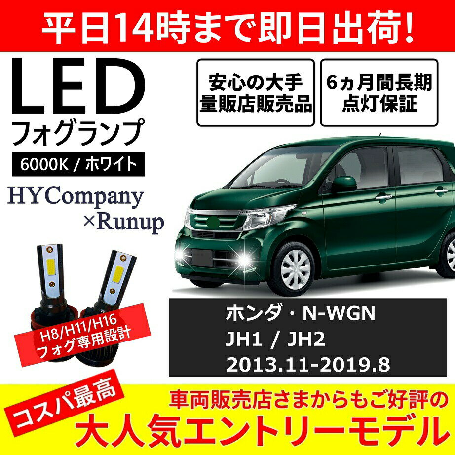 ■ホンダ N-WGN JH1 JH2 LEDフォグランプ H16 6000K ホワイト 車検対応 2本セット オールインワン コンパクト 12V COB フォグランプ 保証付き
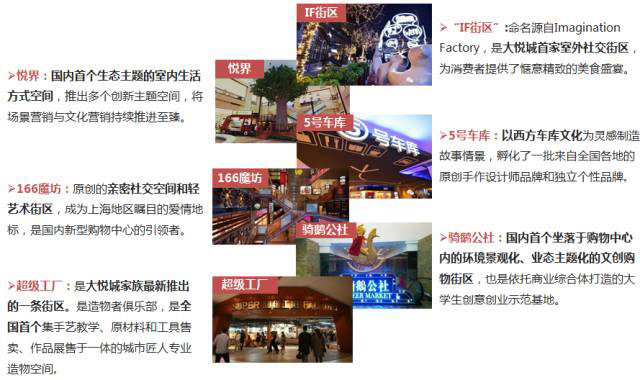 以大悅城為例,在原有商場(chǎng)的基礎(chǔ)上,打造出獨(dú)具特色的“悅界”、“5號(hào)車庫(kù)”“IF街區(qū)”、“魔方166”等特色主題街區(qū),提供多樣化服務(wù)來制造新的利潤(rùn)增長(zhǎng)點(diǎn)。
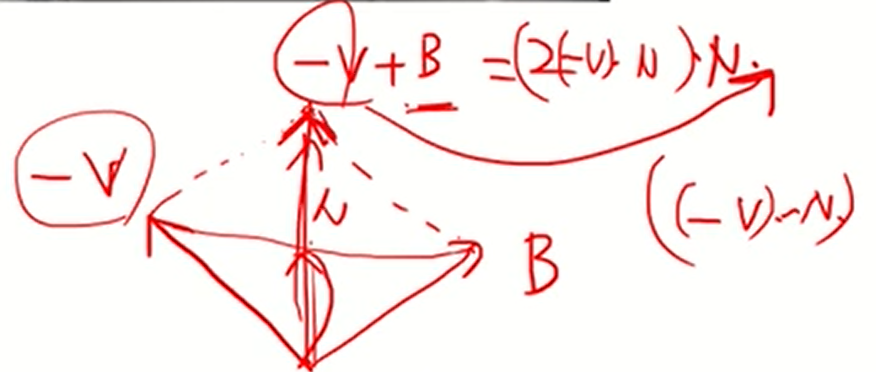 - v1, v2가 이루는 평면의 normal vector를 가지고 ray와 dot product해서 각도를 구하는 것이다.
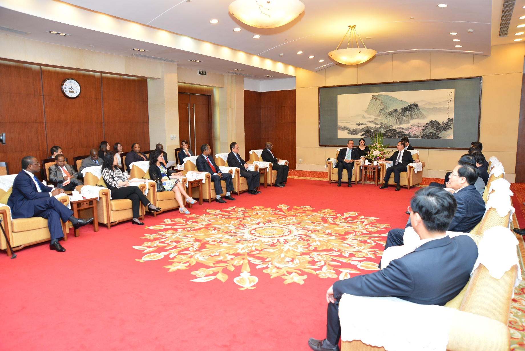 Durante o encontro, o Vice-Governador, Dr. Fu Ziying, fez uma apresentação sobre a situação económica e social da Província de Jiangsu, e ainda, a cooperação entre a sua Província e os Países de Língua Portuguesa, destacando alguns exemplos de grandes empresas já instaladas em Angola, Brasil, Portugal e Moçambique. O Embaixador de Cabo Verde, Dr. Júlio Morais, manifestou os seus agradecimentos ao Governo da Província de Jiangsu pelo acolhimento e sugeriu que nas áreas de cooperação a serem discutidas na 4ª. Cimeira de Desenvolvimento Comercial e Industrial de Jiangsu, Macau e dos Países de Língua Portuguesa, a ser realizada nos dias 23 a 26 de Outubro próximo, pudesse envolver também as áreas da pesca e da indústria de ciências e tecnologia, para além do comércio e investimento, agricultura, educação e turismo. O Vice-Governador manifestou a concordância da proposta apresentada pelos Países de Língua Portuguesa, tendo indicado aos dirigentes dos departamentos da Província de Jiangsu, presentes no encontro, para intensificar a cooperação com os Países de Língua Portuguesa, principalmente na constituição de parcerias entre os empresários; mais adiantou que o Governo da Província de Jiangsu iria organizar delegações oficial e empresarial, em visitas de estudo, para desenvolver a cooperação agrícola com os Países de Língua Portuguesa. Mais reforçou a necessidade de intensificar os contactos com o Secretariado Permanente do Fórum de Macau, bem como utilizar Macau como plataforma de serviços entre a China e os Países de Língua Portuguesa, a fim de reforçar a cooperação diversificada entre a Província de Jiangsu e esses Países. Por fim, os Embaixadores e diplomatas dos Países de Língua Portuguesa na China e o Secretariado Permanente manifestaram que irão prestar o maior apoio na concretização dos objectivos traçados na cooperação mútua entre a Província de Jiangsu, Macau e os Países de Língua Portuguesa.
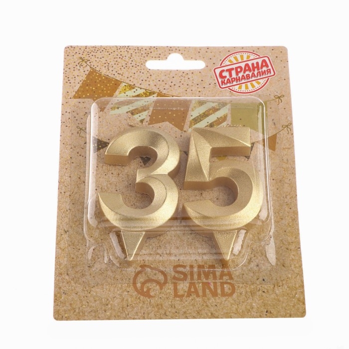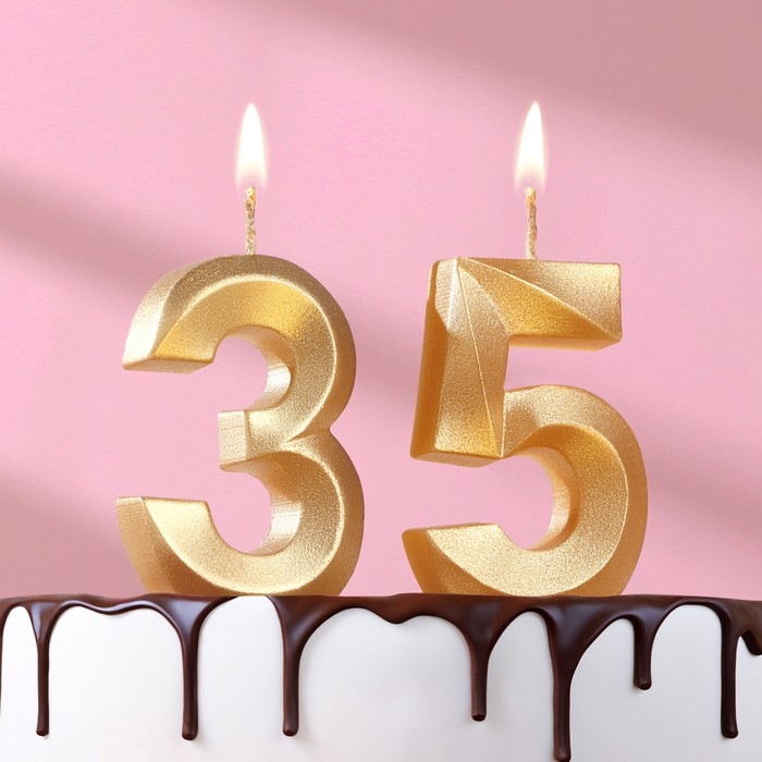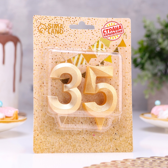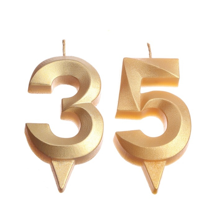 Свеча в торт юбилейная "Грань" (набор 2 в 1), цифра 35, цифра 53, золотой металлик, 6,5 см

Work instruction: Restate the material above word for word; pictures do not belong in the copy.

Task answer:
 ■ホンダ N-WGN JH1 JH2 LEDフォグランプ H16 6000K ホワイト 車検対応 2本セット オールインワン コンパクト 12V COB フォグランプ 保証付き
 以大悅城為例,在原有商場(chǎng)的基礎(chǔ)上,打造出獨(dú)具特色的“悅界”、“5號(hào)車庫(kù)”“IF街區(qū)”、“魔方166”等特色主題街區(qū),提供多樣化服務(wù)來制造新的利潤(rùn)增長(zhǎng)點(diǎn)。
 - v1, v2가 이루는 평면의 normal vector를 가지고 ray와 dot product해서 각도를 구하는 것이다.
 Durante o encontro, o Vice-Governador, Dr. Fu Ziying, fez uma apresentação sobre a situação económica e social da Província de Jiangsu, e ainda, a cooperação entre a sua Província e os Países de Língua Portuguesa, destacando alguns exemplos de grandes empresas já instaladas em Angola, Brasil, Portugal e Moçambique. O Embaixador de Cabo Verde, Dr. Júlio Morais, manifestou os seus agradecimentos ao Governo da Província de Jiangsu pelo acolhimento e sugeriu que nas áreas de cooperação a serem discutidas na 4ª. Cimeira de Desenvolvimento Comercial e Industrial de Jiangsu, Macau e dos Países de Língua Portuguesa, a ser realizada nos dias 23 a 26 de Outubro próximo, pudesse envolver também as áreas da pesca e da indústria de ciências e tecnologia, para além do comércio e investimento, agricultura, educação e turismo. O Vice-Governador manifestou a concordância da proposta apresentada pelos Países de Língua Portuguesa, tendo indicado aos dirigentes dos departamentos da Província de Jiangsu, presentes no encontro, para intensificar a cooperação com os Países de Língua Portuguesa, principalmente na constituição de parcerias entre os empresários; mais adiantou que o Governo da Província de Jiangsu iria organizar delegações oficial e empresarial, em visitas de estudo, para desenvolver a cooperação agrícola com os Países de Língua Portuguesa. Mais reforçou a necessidade de intensificar os contactos com o Secretariado Permanente do Fórum de Macau, bem como utilizar Macau como plataforma de serviços entre a China e os Países de Língua Portuguesa, a fim de reforçar a cooperação diversificada entre a Província de Jiangsu e esses Países. Por fim, os Embaixadores e diplomatas dos Países de Língua Portuguesa na China e o Secretariado Permanente manifestaram que irão prestar o maior apoio na concretização dos objectivos traçados na cooperação mútua entre a Província de Jiangsu, Macau e os Países de Língua Portuguesa.
 Свеча в торт юбилейная "Грань" (набор 2 в 1), цифра 35, цифра 53, золотой металлик, 6,5 см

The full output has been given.